* **PROBLEM REQUIREMENTS**: Using the material below, print a verbatim copy of every line from the one containing "Truly stunning is" through the one containing "Ninguna firma de", inclusive, and omit the pictures.
DATA Block Start
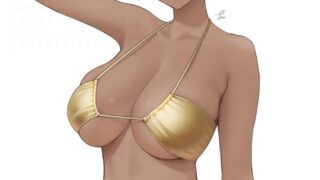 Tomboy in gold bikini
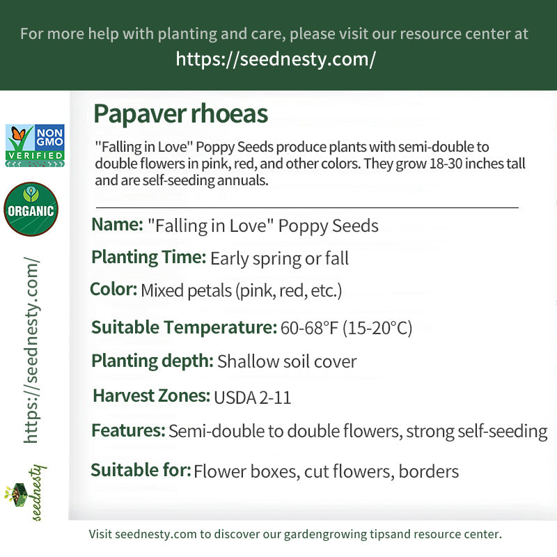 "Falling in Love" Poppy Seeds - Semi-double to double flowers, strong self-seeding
DATA Block End
DATA Block Start
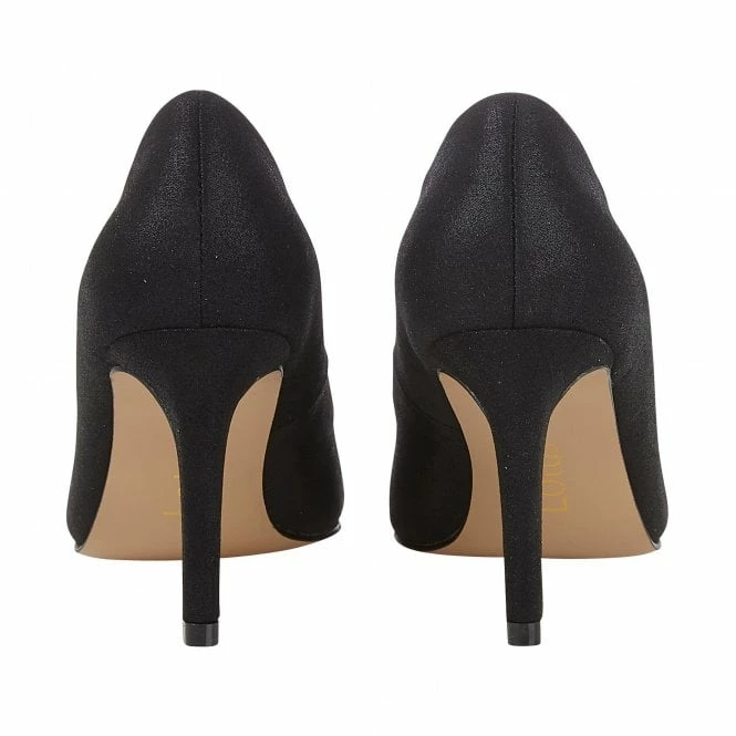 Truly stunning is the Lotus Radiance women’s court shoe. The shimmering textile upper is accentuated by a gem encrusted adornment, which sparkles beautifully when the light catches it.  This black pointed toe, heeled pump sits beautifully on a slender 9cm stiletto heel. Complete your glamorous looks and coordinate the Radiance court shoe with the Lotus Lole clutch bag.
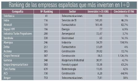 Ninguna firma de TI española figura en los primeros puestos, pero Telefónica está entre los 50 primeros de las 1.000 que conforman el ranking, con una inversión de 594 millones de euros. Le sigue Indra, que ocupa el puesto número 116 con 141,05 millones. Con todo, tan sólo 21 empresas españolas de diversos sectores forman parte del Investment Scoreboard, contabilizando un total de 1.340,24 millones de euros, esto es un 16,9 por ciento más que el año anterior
DATA Block End
DATA Block Start
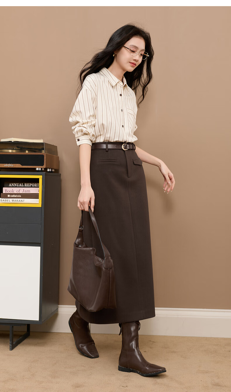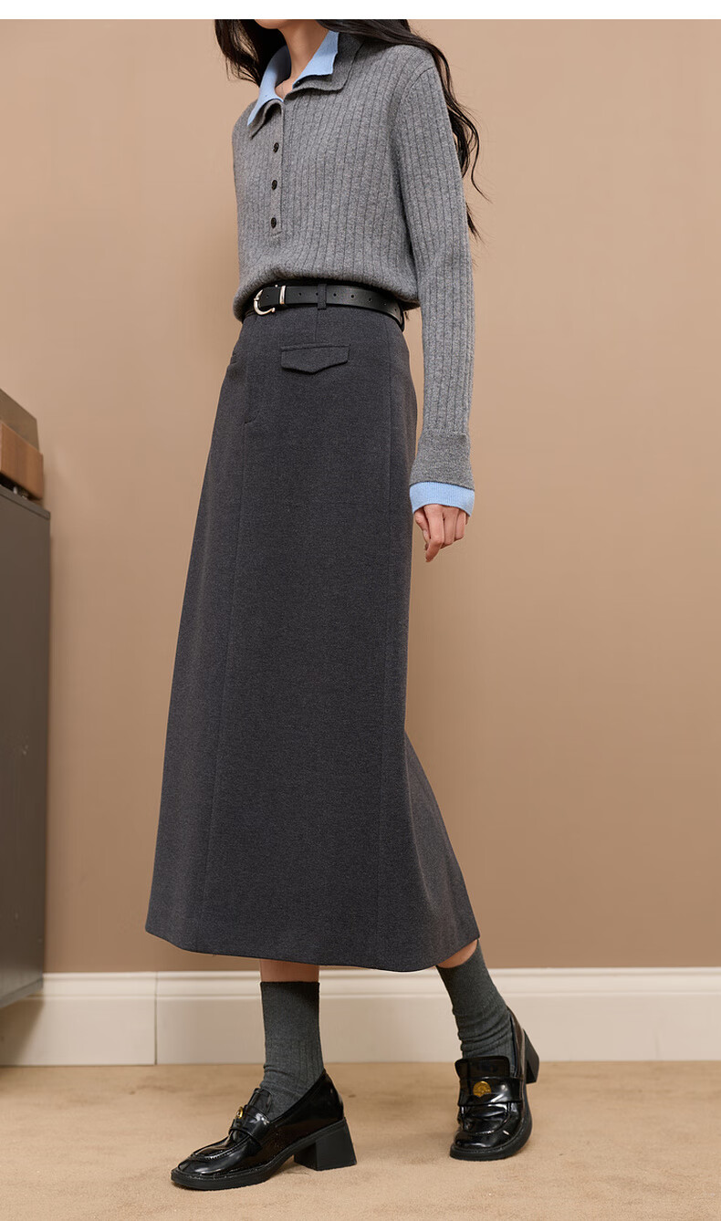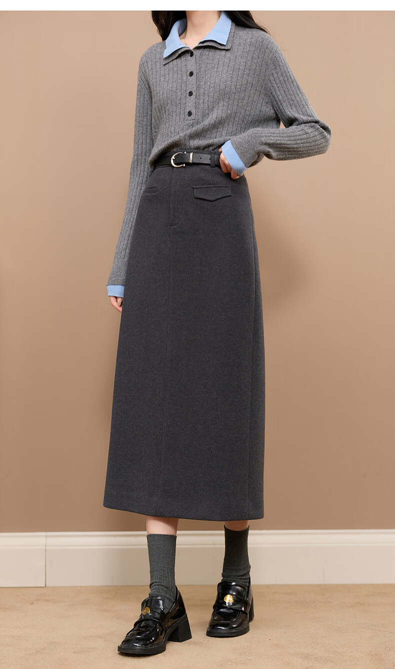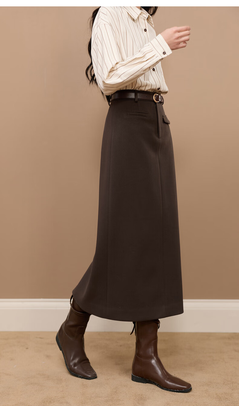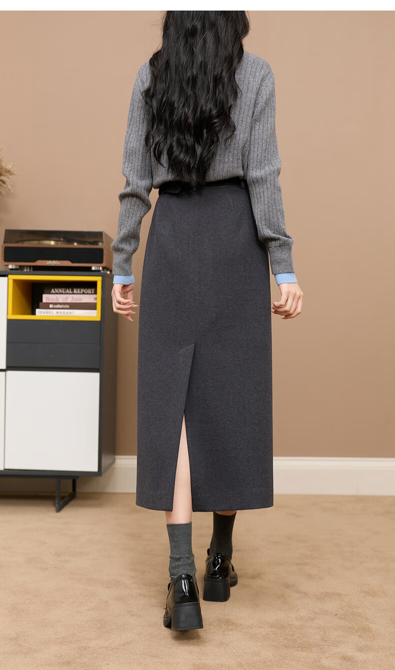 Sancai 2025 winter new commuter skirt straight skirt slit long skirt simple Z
DATA Block End
* **TASK OUTPUT**:
 Truly stunning is the Lotus Radiance women’s court shoe. The shimmering textile upper is accentuated by a gem encrusted adornment, which sparkles beautifully when the light catches it.  This black pointed toe, heeled pump sits beautifully on a slender 9cm stiletto heel. Complete your glamorous looks and coordinate the Radiance court shoe with the Lotus Lole clutch bag.
 Ninguna firma de TI española figura en los primeros puestos, pero Telefónica está entre los 50 primeros de las 1.000 que conforman el ranking, con una inversión de 594 millones de euros. Le sigue Indra, que ocupa el puesto número 116 con 141,05 millones. Con todo, tan sólo 21 empresas españolas de diversos sectores forman parte del Investment Scoreboard, contabilizando un total de 1.340,24 millones de euros, esto es un 16,9 por ciento más que el año anterior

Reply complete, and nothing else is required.